Threshold for filing¶
SignatureThreshold = (Count: 3, Window: 7 days). Three occurrences of a degraded dep within a week is the trigger for an auto-filed issue. Per-dep dedup via EvidenceKey = "dep:{name}" means each dep tracks its own count; one bad week of Valkey doesn't suppress a new GitHub API regression.
Convergence¶
Standard rc#947 CloseAndReset convergence (per docs/2026-05-17-convergence-auto-close.md): when the watcher reports zero occurrences for a full scan window, the auto-filed issue closes itself.
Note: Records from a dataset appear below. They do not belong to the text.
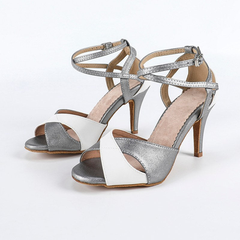 DS Women's Gray PU Customized Heel Latin Shoes Ballroom Dance Shoes
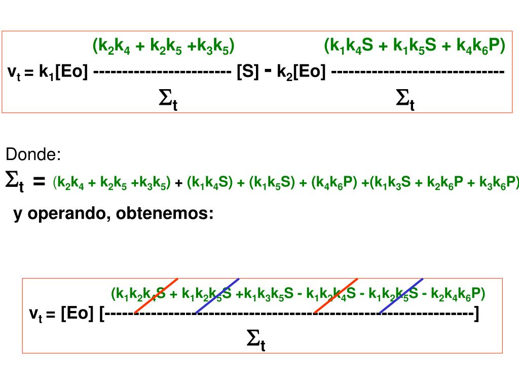 (k2k4 + k2k5 +k3k5) (k1k4S + k1k5S + k4k6P) vt = k1[Eo] ------------------------ [S] - k2[Eo] ------------------------------ t t Donde: t = (k2k4 + k2k5 +k3k5) + (k1k4S) + (k1k5S) + (k4k6P) +(k1k3S + k2k6P + k3k6P) y operando, obtenemos: (k1k2k4S + k1k2k5S +k1k3k5S - k1k2k4S - k1k2k5S - k2k4k6P)vt = [Eo] [----------------------------------------------------------------] t
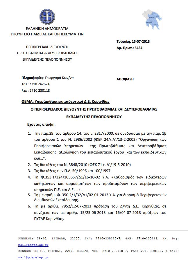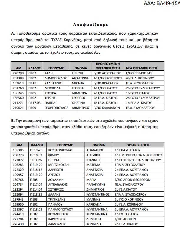 Υπεράριθμοι εκπαιδευτικοί ΔΕ Κορινθίας

The signature stays registered as a regression canary.
Out of scope¶
- Per-dep configurable thresholds (env-overridable) — straightforward extension, deferred to demand.
- Severity tiers (critical Unreachable → file P1, non-critical Degraded → file P3) — current behaviour is one issue per dep, framed correctly via
(critical|non-critical)in the summary. - HTTP
/healthz/deephistory endpoint for the dashboard — covered in rc#1188 PR-D scope (or a follow-up dashboard slice).
Test coverage¶
| Tier | File | Cases |
|---|---|---|
| 1 (pure policy) | DependencyHealthDegradationPolicyTests |
12 — boundary at MinDuration, just-under, single recovery clears, sustained Degraded fires, mixed-status reports worst, multiple deps emit separate occurrences, non-critical labelling, EvidenceKey dedup |
| 2 (watcher smoke) | DependencyHealthDegradedWatcherTests |
5 — empty checker set, first call doesn't fire, three quick calls don't fire (zero time-span), Degraded path doesn't throw, signature metadata is conventional |
3 (e2e against real DeepHealthService) |
Skipped — requires TimeProvider seam through DeepHealthService (unrelated refactor). Policy tests cover the 30-min threshold logic with synthetic observations. |
See also¶
- rc#1173 — Valkey AbortOnConnectFail incident — the failure mode this watcher targets.
docs/2026-05-19-valkey-abort-on-connect-fail.md— Path A fix (prevented the specific Valkey case).docs/api.md#deep-health-rc1188— the underlying endpoint.docs/2026-05-16-rc-947-self-improvement-service.md— parent framework.